→ **What the exercise asks**:
Give back exactly the lines of the material below that start at the one holding "2013年1月11日,呼叫中" and end at the last line, minus the pictures.

→ **Data extracts**:
■ ■ ■ ■

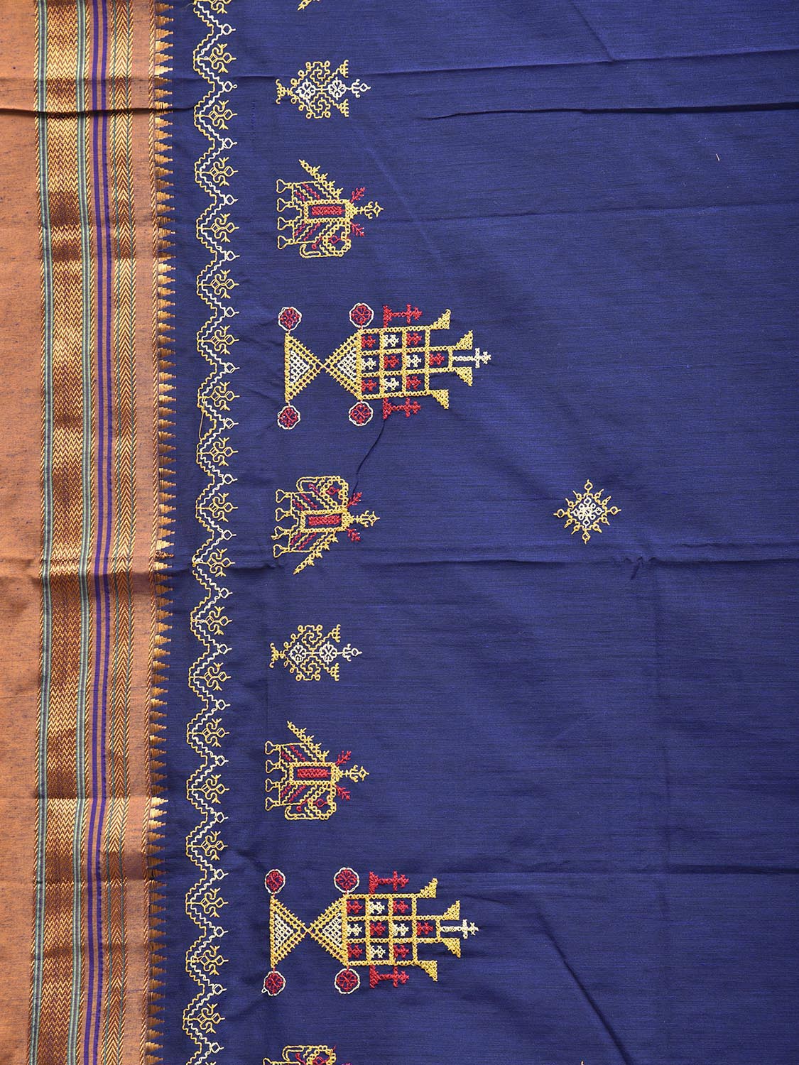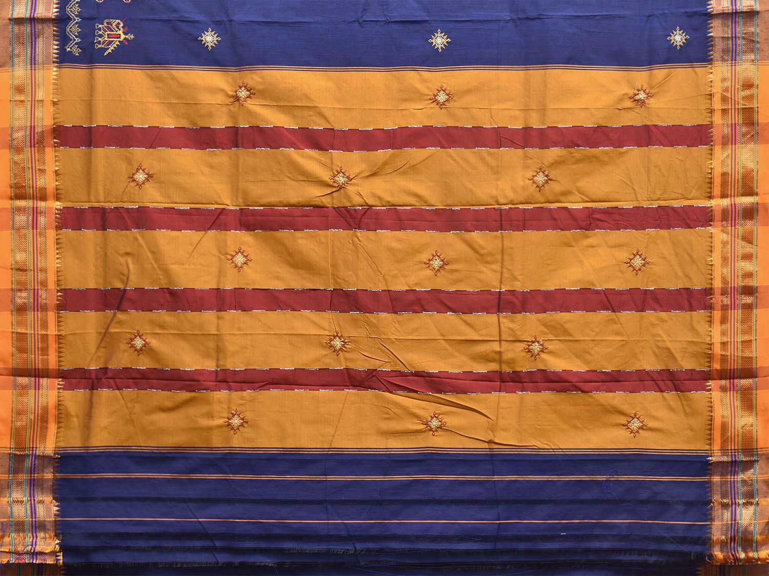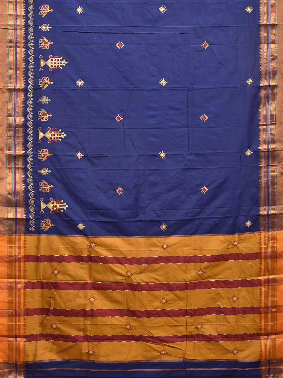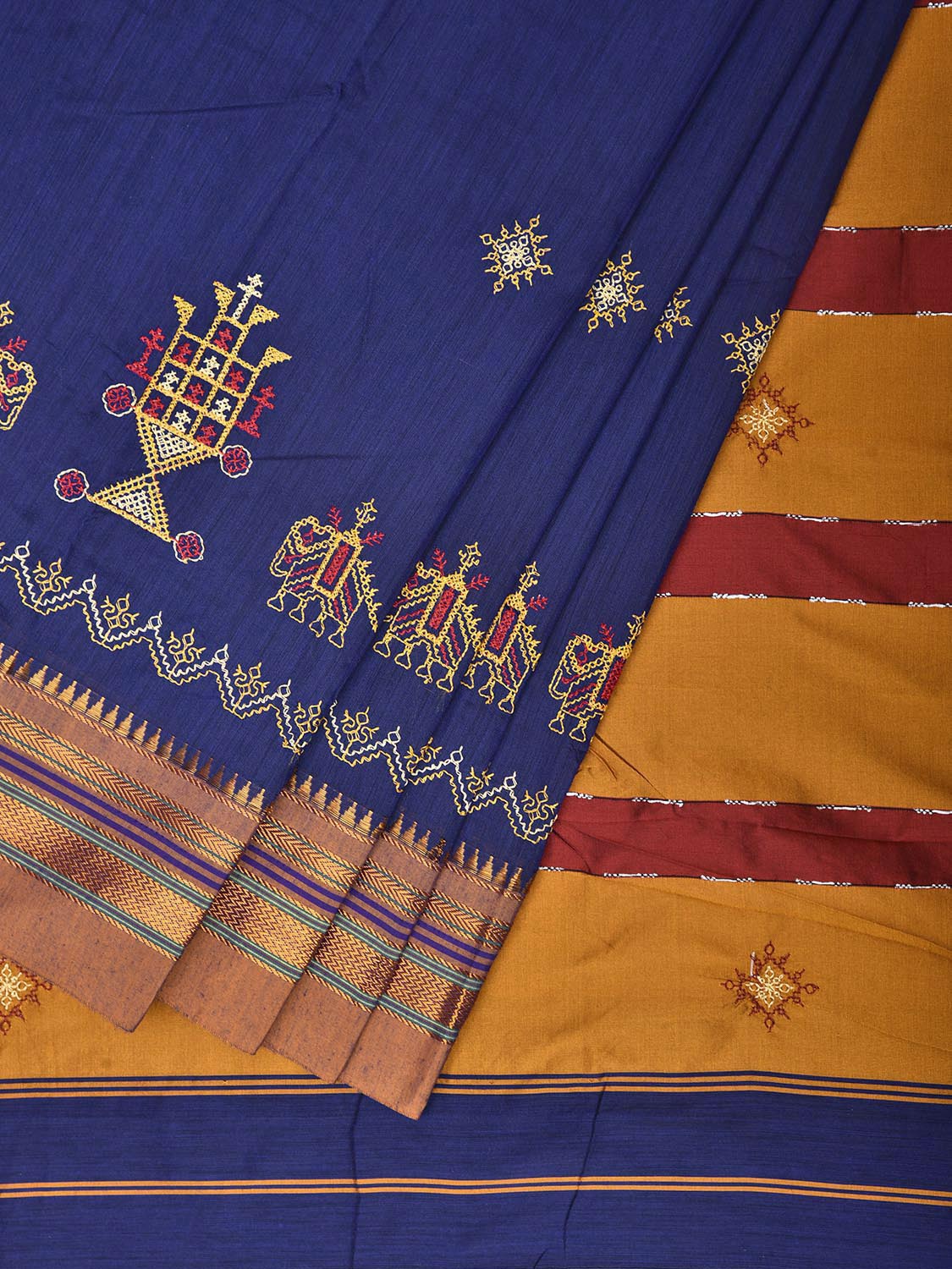 Dark Blue and Yellow Kasuti Viscose Saree with Elephants Border and Strips Pallu Design No Blouse. For fabric care we advise gentle handwash separately. This saree has no blouse.
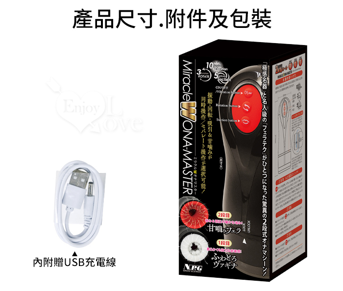| 日本NPG.奇蹟Wオナマスター 2段式10x3x5震動迴轉吸引專家級口交技巧自慰器
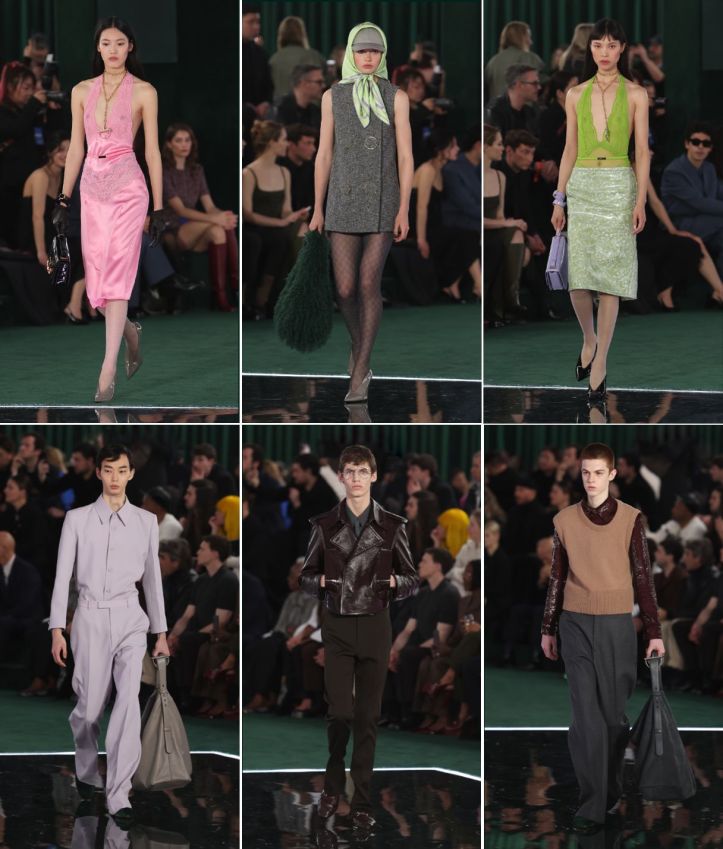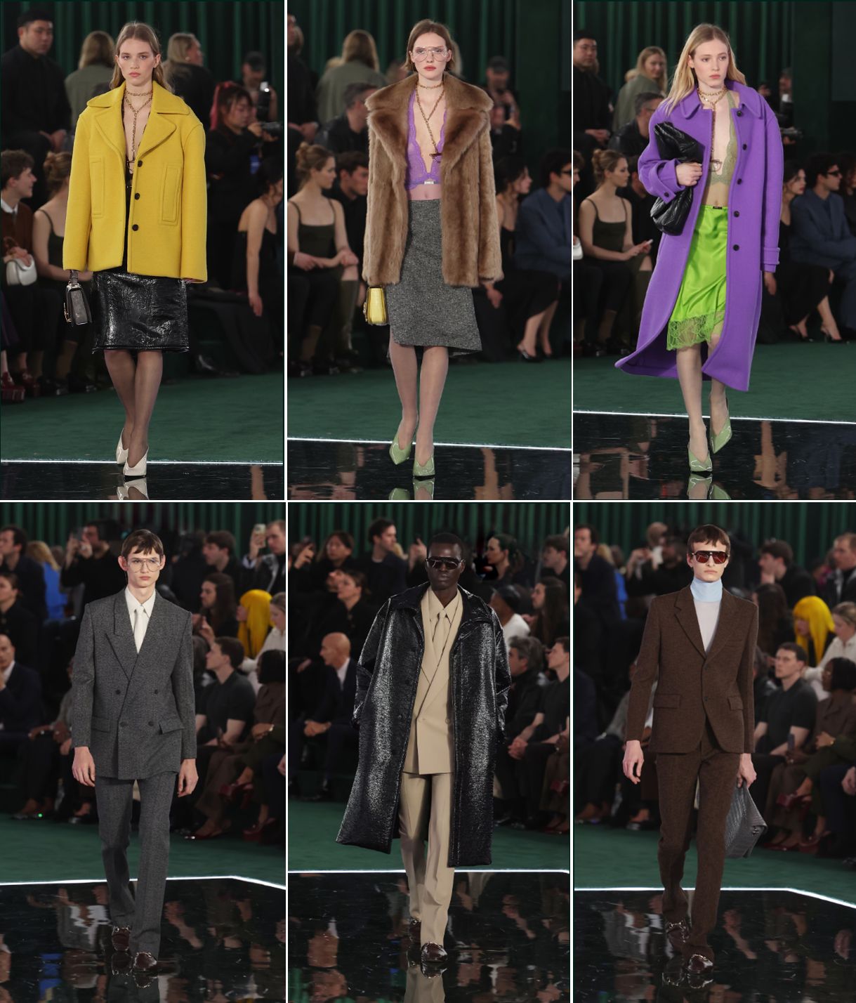 There was green everywhere, at least on and around the runway, which made us wonder if the production designer of The Matrix was responsible for the admittedly eye-catching construction. Whatever happened to Mr de Sarno’s much-touted ‘Ancora’ red? Ditched? Dumped? Disliked? Was it a deliberate attempt at wiping out any trace—even if merely chromatic—that could be linked to the former creative director, once staunchly believed by the higher-ups to be Gucci’s desperately-needed saviour? Within the new, start-afresh greenery, the collection was a throwback to the halcyon days of Gucci. If this pretty preserve—tinged with palpably unsound taste (how to explain those leggings with glittery monogram?)—was what the brand truly desired, it is hard to think that Mr de Sarno could not deliver.
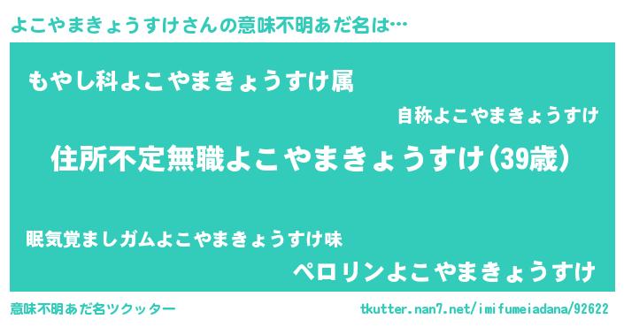 | 欧米人風あだ名 | 『ダレノガレよこやまきょうすけ』 |
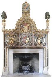 | Keywords: BishopPeterCourtenay MantelpieceExeterPalace.JPG Bishop Courtenay Mantelpiece erected by Bishop Peter Courtenay d 1492 in the Bishop's Palace Exeter at some time between 1485 and 1492 during the reign of King Henry VII 1485-1509 as indicated by the royal herldry and before the Bishop's death The papers in the grate were burnt on departure from office on 30 June 2013 by Bishop Michael Langrish information received from the Bishop's steward who was somewhat annoyed as he had just given it a final clean in anticipation of his master's final departure A 19th century copy with updated arms exists in the Dining Hall of Powderham Castle Devon and another at Kentwell Hall in Suffolk Top royal arms of King Henry VII; below which is is shown the arms of the See of Exeter; bottom row from left Left Arms of Dr Peter Courtenay d 1492 Bishop of Exeter Winchester with supporters the Bohun swans each collared with a crown and chained or Motto beneath Arma Petri Exon iensis Epi scopi The arms of Peter Bishop of Exeter The bishop's great-great-grandmother was Margaret de Bohun d 1390 the heiress of Powderham daughter of Humphrey de Bohun Earl of Hereford Middle Arms of See of Exeter impaling arms of Dr Peter Courtenay d 1492 Bishop of Exeter Winchester the shield surrounded by three dolphins embowed the heraldic device of the Courtenay family Right Arms of Courtenay of Powderham impaling Hungerford arms of the bishop's father and mother Supporters two Courtenay boars each charged with a label of 3 points each point charged with 3 roundels On a scroll above Honor deo et regi honour to God and the king ; on a scroll below Arma p at rib us et matris The arms of his fore fathers and mother In the 4 spandrels are the heraldic badges of the Hungerford family a wheatsheaf and 3 conjoined sickles The left border contains 3 tau crosses from each of which hang a bell symbols of St Anthony the Great of Egypt in 1470 Courtenay was appointed Master of St Anthony's Hospital in London Top Coat of arms of King Henry VII 1485-1509 with Tudor roses and Portcullis below emblems of the first Tudor monarch See Rev George Oliver Lives of the Bishops of Exeter and a History of the Cathedral Exeter 1861 pp 255-257 In 1883 no traces of colouring survived thus the present colourings are modern See Maria Halliday A Delineation of the Courtenay Mantelpiece in the Episcopal Palace at Exeter by Roscoe Gibbs Torquay 1884 own photo 2013 Lobsterthermidor <span class signature-talk >talk</span> 14 23 8 October 2013 UTC Also uploaded to Flickr by author under another pseudonym Bishop Courtenay's Mantelpiece Exeter Palace Swans in supporters Coats of arms of See of Winchester Courtenay arms Hungerford arms Bohun swan Coats of arms of King Henry VII of England |
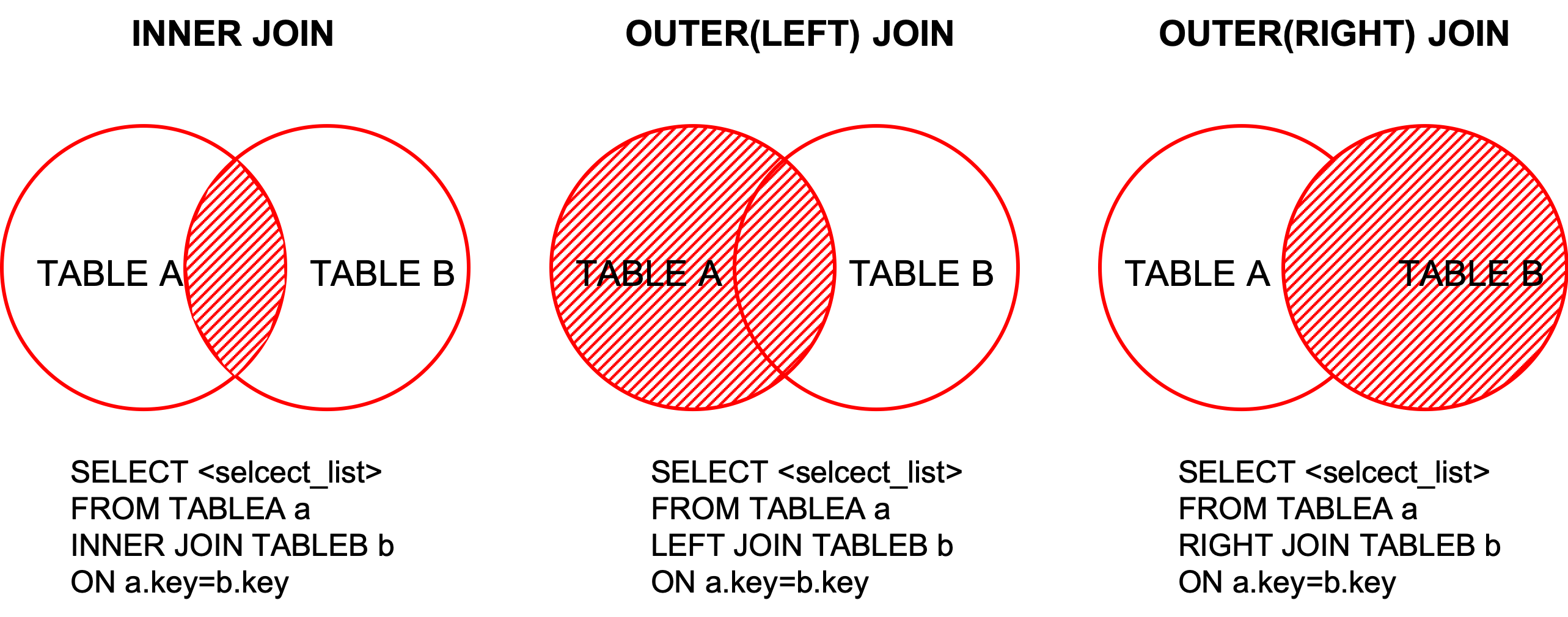 예를 들면, TABLEA LEFT JOIN TABLEB일 경우 TABLEA의 결과는 모두 노출하고 A와 교집합이 있는 B만 추가로 추출한다는 뜻이에요.
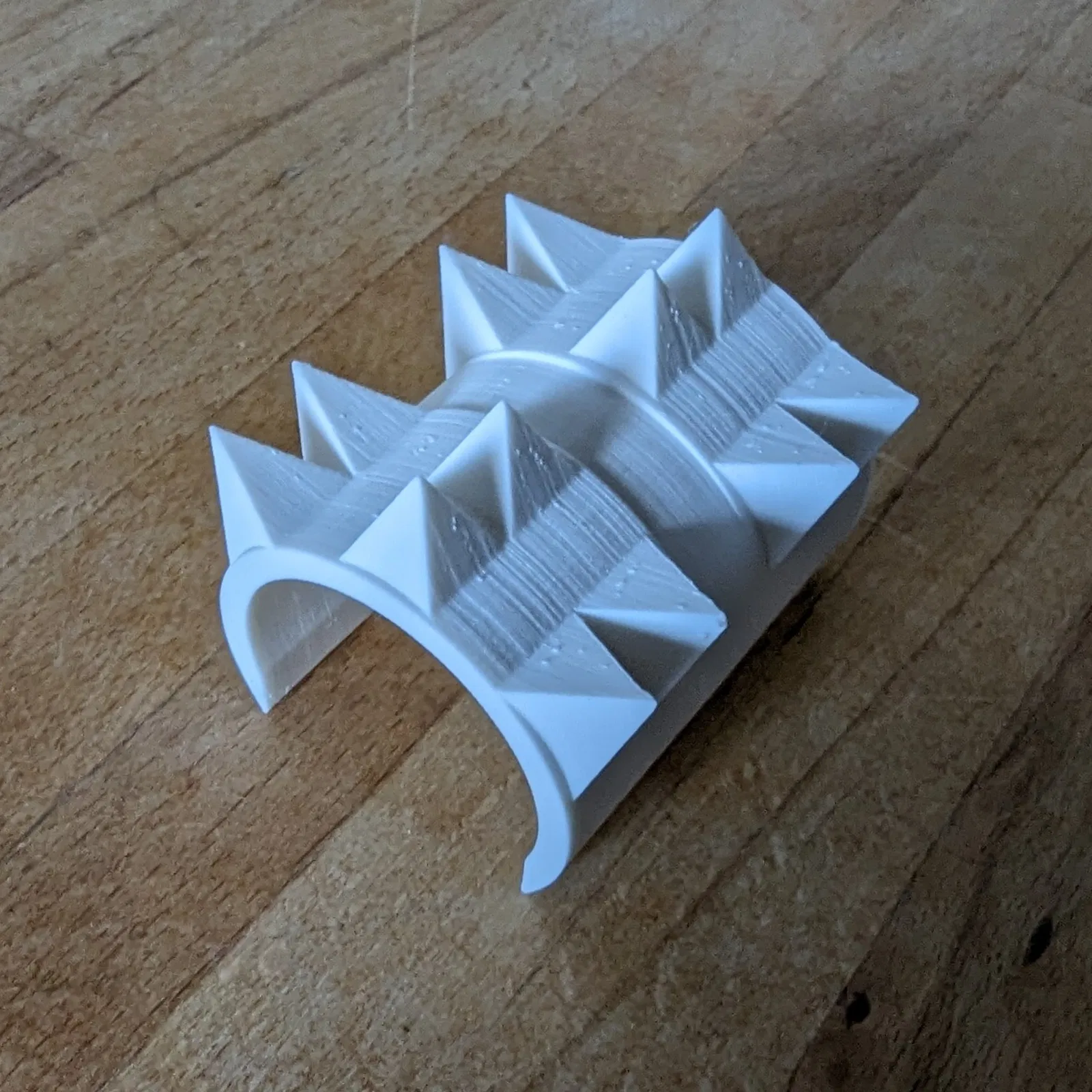 Tùy thuộc vào máy in và hướng in trên bàn in của bạn, tôi khuyên bạn nên in với chế độ hỗ trợ (supports) và/hoặc vành đệm (brim). Tôi đã in cái này theo chiều dọc với hỗ trợ cho phần gai và nó đã ra hoàn hảo trên máy Ender 3 của tôi với trình cắt lớp Prusa.
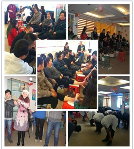2013年1月11日,呼叫中心12樓大會議室舉行了首屆員工EAP之親子足療活動。為加強(qiáng)員工對企業(yè)的幸福感和歸屬感,增進(jìn)員工及其家人與呼叫中心的互動,邀請呼叫中心員工家長親臨呼叫中心進(jìn)行參觀和足療保健體驗(yàn)。讓員工的家人了解呼叫中心的工作方式和節(jié)奏,并能學(xué)習(xí)到實(shí)用的基本足部養(yǎng)生保健知識,感受呼叫中心關(guān)愛員工和員工家人的企業(yè)文化精神?;顒赢?dāng)天共有42人參加,還邀請了貴陽一通源中醫(yī)按摩院的專業(yè)按摩師現(xiàn)場指導(dǎo)員工給家長們按摩和足療。
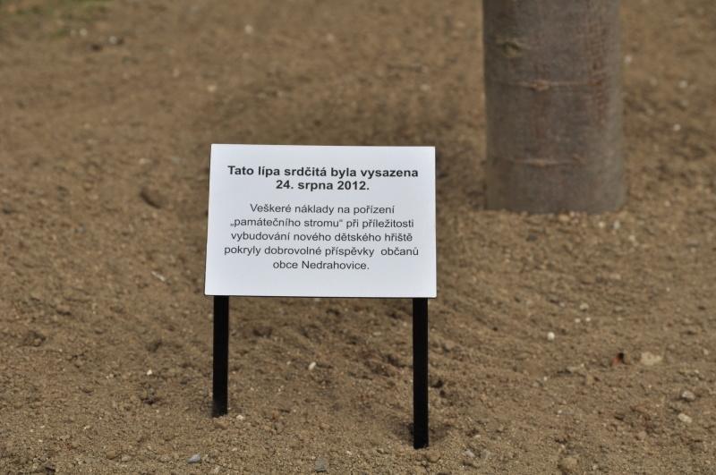Vysazení lípy na návsi v Nedrahovicích proběhlo v pátek 24. srpna 2012. Zakončil se tak projekt budování nového dětského hřiště, který započal v červnu 2012.

■ ■ ■ ■

→ **Expected answer**:
2013年1月11日,呼叫中心12樓大會議室舉行了首屆員工EAP之親子足療活動。為加強(qiáng)員工對企業(yè)的幸福感和歸屬感,增進(jìn)員工及其家人與呼叫中心的互動,邀請呼叫中心員工家長親臨呼叫中心進(jìn)行參觀和足療保健體驗(yàn)。讓員工的家人了解呼叫中心的工作方式和節(jié)奏,并能學(xué)習(xí)到實(shí)用的基本足部養(yǎng)生保健知識,感受呼叫中心關(guān)愛員工和員工家人的企業(yè)文化精神?;顒赢?dāng)天共有42人參加,還邀請了貴陽一通源中醫(yī)按摩院的專業(yè)按摩師現(xiàn)場指導(dǎo)員工給家長們按摩和足療。
Vysazení lípy na návsi v Nedrahovicích proběhlo v pátek 24. srpna 2012. Zakončil se tak projekt budování nového dětského hřiště, který započal v červnu 2012.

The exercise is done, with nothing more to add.